I was wondering if the following issues can be solved by extending hdfs
classes with custom implementations if possible.


Here are my requirements :

1. Is there a way to control that all file blocks belonging to a particular
hdfs directory & file go to the same physical datanode ( and their
corresponding replicas as well ? )

2. Is there a way to control the volume that is being used to write a file
block ?


Here are the finer details to give some background for the above two
queries :

We are using Impala engine to analyze our data and to do so we are
generating the files in parquet format using our custom data processing
pipelines. It is ideal that all of the files belonging to the same
partition be processed by the same node ( as we see our queries can be
partitioned by say a key that is common across all queries). In this
regard, we would like to control a given file block in a particular path
always land on the same physical node so that the impala workers that need
to process data for a given query send less data across nodes to manage the
result. Hence the first question.


The second aspect is that our queries are time based and this time window
follows a familiar pattern of old data not being queried much. Hence we
would like to preserve the most recent data in the HDFS cache ( impala is
helping us manage this aspect via their command set ) but we would like the
next recent amount of data chunks to land on an SSD that is present on
every datanode. The remaining set of blocks which are "very old but in
large quantities" would land on spinning disks. The decision to choose a
given volume is based on the file name as we can control the filename that
is being used to generate the file.

Please note that the criteria for both of the above is being based on the
name of the file and not the size of the file.

For the first query, I have looked into BlockPlacementPolicy interface.

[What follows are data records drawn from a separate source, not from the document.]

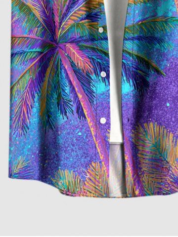 Plus Size Ombre Coconut Tree Moon Print Hawaii Button Pocket Shirt For Men - Light Purple - Xl
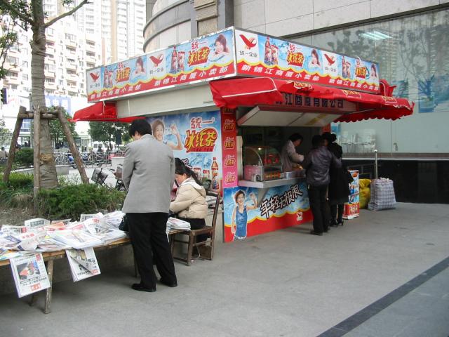 This is a little newsstand outside Synopsys' building. Vernon bought many bottles of water (ping shui) here to avoid drinking the cooler water inside.
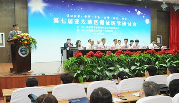 2012年8月2日-4日,第七届亚太地区循证医学研讨会(暨循证医学教育部网上合作研究中心第四批分中心授牌仪式)在新疆乌鲁木齐市召开。大会特别邀请了Cochrane 协作网主席Jeremy Michael Grimshaw 教授,美国中华医学基金会(CMB)协调员Mariel Reed教授,卫生部医政司王羽司长,卫生部科教司刘登峰副司长,国家中医药管理局科技司李昱副司长,教育部科技司周国栋副处长,卫生部中国循证医学中心、教育部循证医学网上合作研究中心主任李幼平教授,自治区政府秘书长李春阳,自治区卫生厅党组书记殷雨霖,新疆医科大学党委书记李斌等参加,会议由新疆医科大学附属第一医院温浩院长主持。19个循证医学分中心领导、研究人员以及来自全国各地的200余名代表参加了会议。
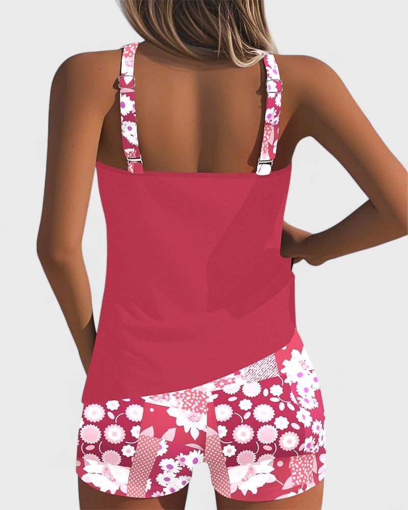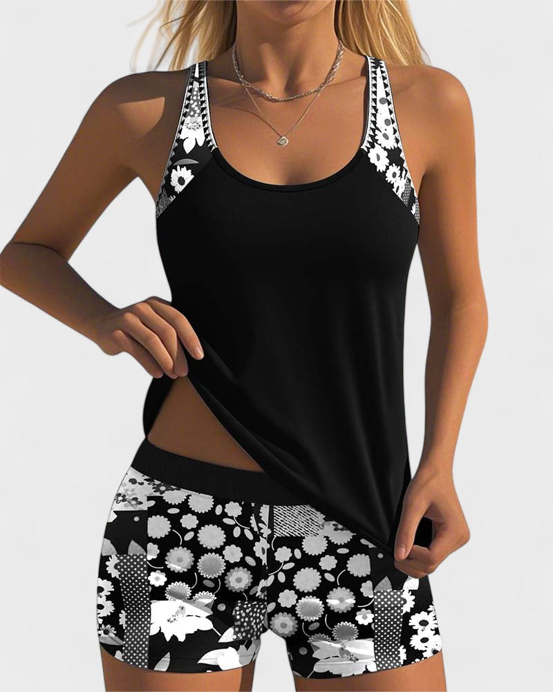 This women's swimwear set combines comfort, modern design, and total freedom of movement. It consists of a sporty top with wide straps and shorts with an elastic waistband, making it ideal for those seeking a practical, youthful, and versatile look for days at the beach, by the pool, or for water activities. The floral details add a fresh, feminine touch to the outfit.
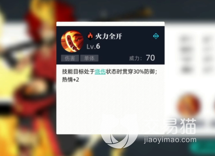 一技能火力全开就可以帮助大家在游戏中进行单体伤害,释放这个技能的时候要看对面有没有进入烧伤的状态,要是正处于烧伤的状态,就可以击破对面30%的防御,热情数值也会加2点,所以需要搭配一个带来烧伤效果的技能使用。
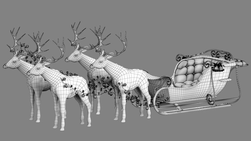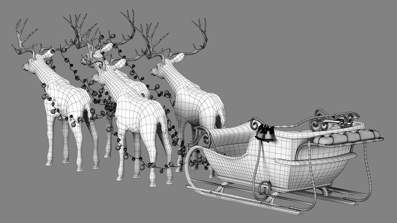 » Santa Claus Sleigh and deer 3D model
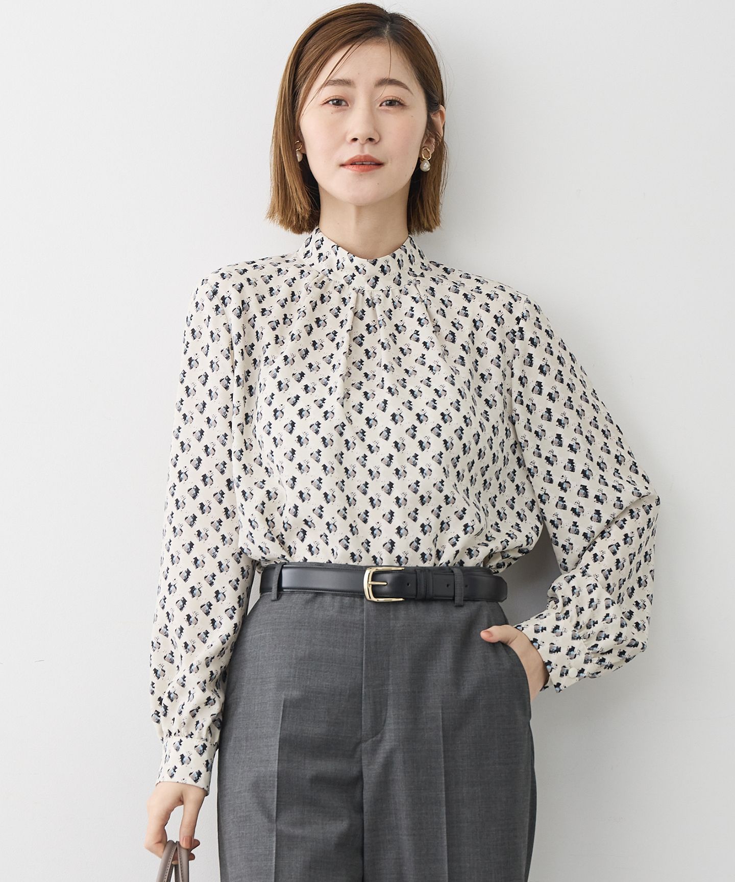 2026 Pre Spring華やぎと着心地を両立したモダンアートプリントブラウス■デザインイタリアの感性が息づく、アートのようなオリジナルプリントが目を引く上品なブラウスです。ベーシックな色合いの中に、さりげなく色味を感じさせる配色と、着用しやすいモチーフサイズが、コーディネートに華やかさを添えます。胸元にあしらわれた繊細なギャザーが、顔周りを優雅に演出し、一枚で着るだけで着映えするデザインです。 ジャケットやアウターのインナーとしても品よくまとまり、オフィスシーンから休日のお出かけ、大切な方との会食など、幅広いシーンで活躍します。 カラーは、知的で洗練された印象を与えるネイビー(#575)、肌なじみが良く、優しく柔らかな雰囲気を醸し出すベージュ(#533)の2色展開です。■素材「モダンアートプリント」は、ポリエステル素材のバックサテンジョーゼットに、美しいオリジナルプリントを施した生地です。表面は、細やかな凹凸感とほのかな光沢が特徴のジョーゼットで、プリント柄を一層引き立て、上品な表情を演出します。肌に触れる裏面は、なめらかなサテン組織になっているため、さらりとした快適な着心地をお楽しみいただけます。 ポリエステル100%なのでシワになりにくく、ご自宅で手軽にお手入れできるイージーケア性も魅力です。▼同シリーズワンピース(品番:OPWOLS6101)※画像はサンプルを使用している為、実際にお届けする商品と仕様が異なる場合がございます。

The
method chooseTarget() in the above interface is giving me a list of
DataNodes to choose from and return one of them as the target ? My dilemma
is whether given a path for a directory , will the input
DataNodeDescriptors to the function chooseTarget remain the same for each
invocation to the same directory ? Or is it not something not controlled ?

For the second query, I have looked at the VolumeChoosingPolicy Interface.
On looking at the VolumeChoosingPolicy interface, it looks like the only
handle I get is the list of current volumes and no information about the
incoming file.

Any pointers regarding the above two aspects would be immensely helpful.

Thanks a lot for your time.

Regards,
Ananth